There was every reason to expect commonality in the results, because the data sets were the same and the questions were simple, such as ““To what extent is the growth of nestling blue tits (Cyanistes caeruleus) influenced by competition with siblings?” or “How does grass cover influence Eucalyptus spp. seedling recruitment?” The best spin they could put on these embarrassing results was that “Despite the wide range of results, none of the answers are wrong… Rather, the spread reflects factors such as participants’ training and how they set sample sizes.” How does that help? Which results are trustworthy as “science” then? To call up another Wonderland reference, “Everybody has won and all must have prizes,” said the Dodo bird.

Peer Review Fail, Too

Another result of the study undermined the belief that peer review is a safeguard against error. Wrong: the peer reviewers didn’t agree among themselves on which studies were significant or not. One reviewer’s poor rating conflicted with another reviewer’s acceptable rating.

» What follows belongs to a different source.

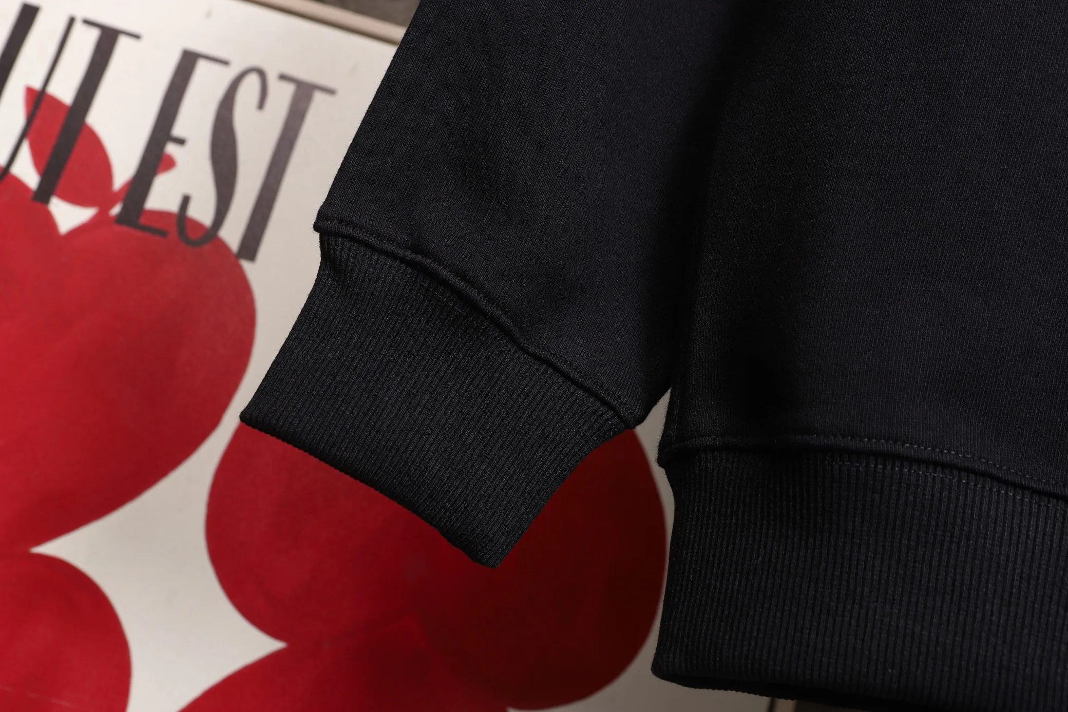 Особенности дизайна включают круглый воротник и классический крой, а также манжеты и низ изделия, обработанные махровыми петлями для добавления тепла и устойчивости формы. Внутренняя сторона также выполнена из махрового материала, что способствует хорошей теплоизоляции.

The authors also simulated the peer-review process by getting another group of scientists to review the participants’ results. The peer reviewers gave poor ratings to the most extreme results in the Eucalyptus analysis but not in the blue tit one. Even after the authors excluded the analyses rated poorly by peer reviewers, the collective results still showed vast variation, says Elliot Gould, an ecological modeller at the University of Melbourne and a co-author of the study.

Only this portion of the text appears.